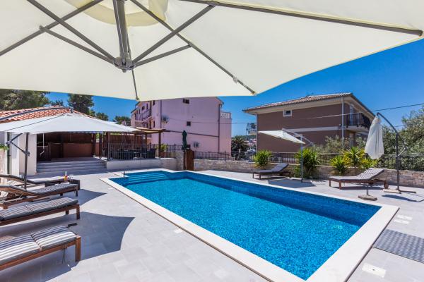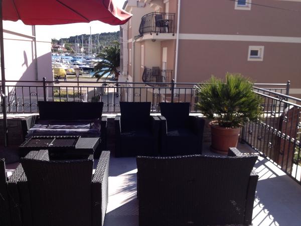 Taxe de sejour est inclus dans le prix.Excellents appartements. Très propre. La dame s'est occupée des serviettes et du linge de lit propres (changés après quelques jours). Emplacement parfait, plusieurs plages différentes en 2 à 5 minutes. Belle vue sur le port de plaisance. La piscine est propre et bien entretenue, éclairée la nuit. Recommander!
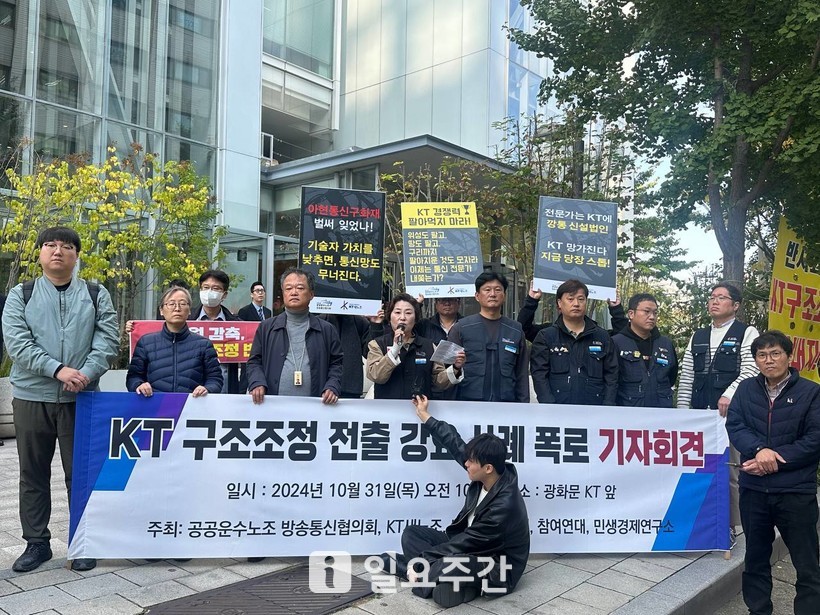 [일요주간=임태경 기자] KT(대표 김영섭)의 구조조정을 둘러싸고 노사 간 대립이 격화하고 있는 가운데 지난달 31일 방송통신협의회, KT새노조, KT민주동지회, 참여연대, 민생경제연구소는 광화문 KT 본사 앞에서 'KT 구조조정 전출 강요 사례 폭로' 기자회견을 열었다.
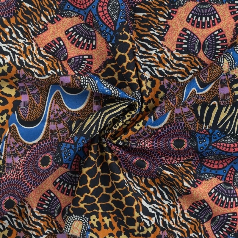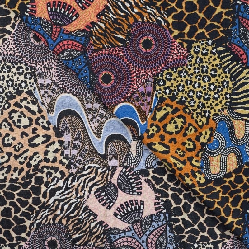 Le voile de coton est une matière agréable à porter car elle est douce et légère. Ce tissu imprimé Africa bleu peut-être utilisé pour la confection de vêtements légers comme des chemisiers ou pour des robes à doubler.
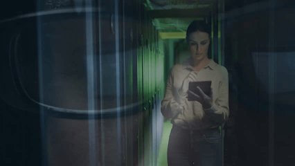 Binary Code Overlay On Advanced Data Center Server Room Videos
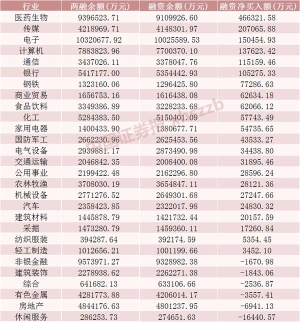 从本周前4个交易日融资余额增加近200亿元的情况来看,医药生物、传媒、电子融资余额增加额居前,分别增加46.63亿元、20.71亿元、15.05亿元,仅有休闲服务行业融资余额减少超过1亿元,为1.64亿元。
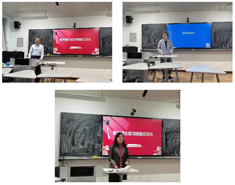 2021级四位教育硕士分享了白云山学校的领导和指导老师对此次实习的重视,给每一位教育硕士配备了指导老师,提供既专业又耐心的指导;她们还总结了实习期间的切身感受以及对教师工作酸甜苦辣的体会,剖析了英语教师的责任感和使命感。另外,她们谈到了教师工作以及班级管理工作中的一些经验、不足以及今后努力的方向。她们发自肺腑、切合实际的发言,让每一位与会者都深有感触、受益匪浅。
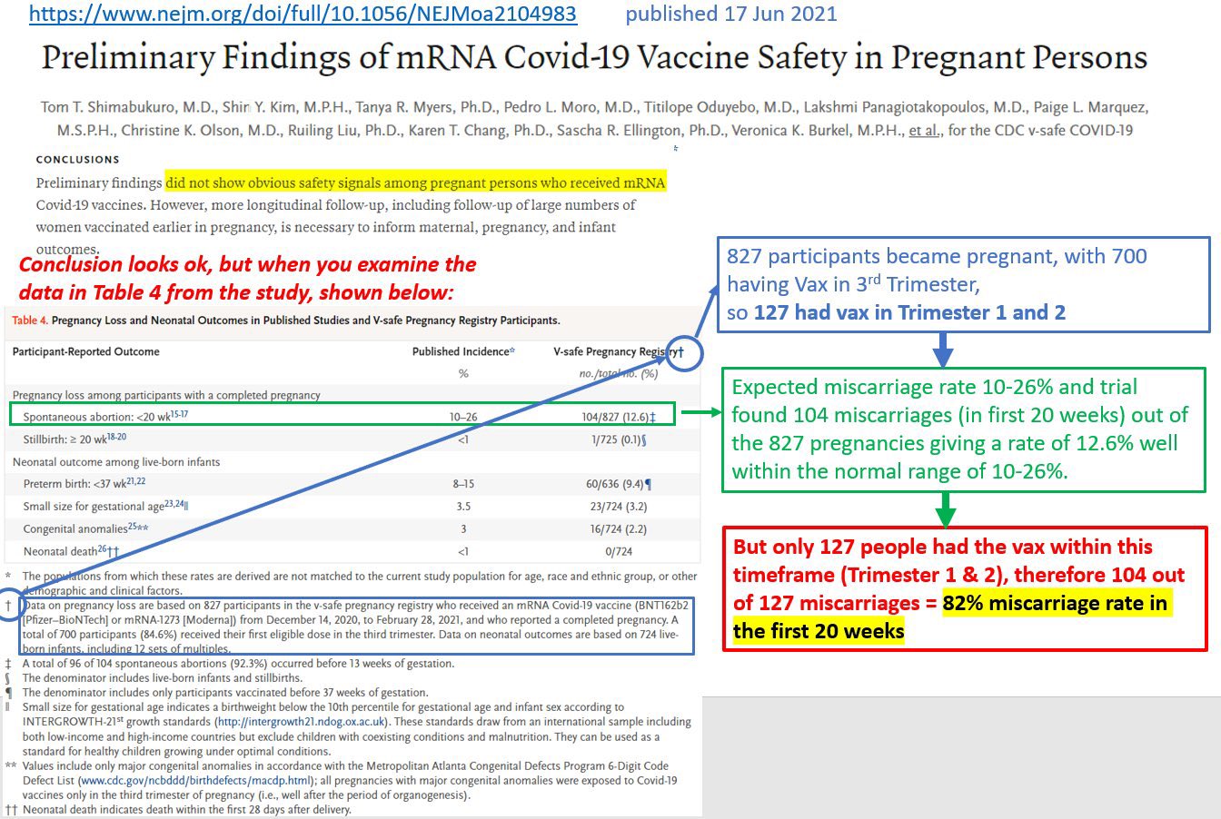 If analysis of the entire study rules out the above assumption ("127 had vax in Trimester 1 and Trimester 2" from the v-safe Pregnancy Registry), then, carry on, nothing to see here. But if the above assumption holds true, even after analysis of the entire study's results, then that is where you get your super high rate of miscarriages in the first 20 weeks.

## PROBLEM TO SOLVE
For this exercise, return the records above in full and exactly, omitting the images.

## SOLVED EXERCISE
 Taxe de sejour est inclus dans le prix.Excellents appartements. Très propre. La dame s'est occupée des serviettes et du linge de lit propres (changés après quelques jours). Emplacement parfait, plusieurs plages différentes en 2 à 5 minutes. Belle vue sur le port de plaisance. La piscine est propre et bien entretenue, éclairée la nuit. Recommander!
 [일요주간=임태경 기자] KT(대표 김영섭)의 구조조정을 둘러싸고 노사 간 대립이 격화하고 있는 가운데 지난달 31일 방송통신협의회, KT새노조, KT민주동지회, 참여연대, 민생경제연구소는 광화문 KT 본사 앞에서 'KT 구조조정 전출 강요 사례 폭로' 기자회견을 열었다.
 Le voile de coton est une matière agréable à porter car elle est douce et légère. Ce tissu imprimé Africa bleu peut-être utilisé pour la confection de vêtements légers comme des chemisiers ou pour des robes à doubler.
 Binary Code Overlay On Advanced Data Center Server Room Videos
 从本周前4个交易日融资余额增加近200亿元的情况来看,医药生物、传媒、电子融资余额增加额居前,分别增加46.63亿元、20.71亿元、15.05亿元,仅有休闲服务行业融资余额减少超过1亿元,为1.64亿元。
 2021级四位教育硕士分享了白云山学校的领导和指导老师对此次实习的重视,给每一位教育硕士配备了指导老师,提供既专业又耐心的指导;她们还总结了实习期间的切身感受以及对教师工作酸甜苦辣的体会,剖析了英语教师的责任感和使命感。另外,她们谈到了教师工作以及班级管理工作中的一些经验、不足以及今后努力的方向。她们发自肺腑、切合实际的发言,让每一位与会者都深有感触、受益匪浅。
 If analysis of the entire study rules out the above assumption ("127 had vax in Trimester 1 and Trimester 2" from the v-safe Pregnancy Registry), then, carry on, nothing to see here. But if the above assumption holds true, even after analysis of the entire study's results, then that is where you get your super high rate of miscarriages in the first 20 weeks.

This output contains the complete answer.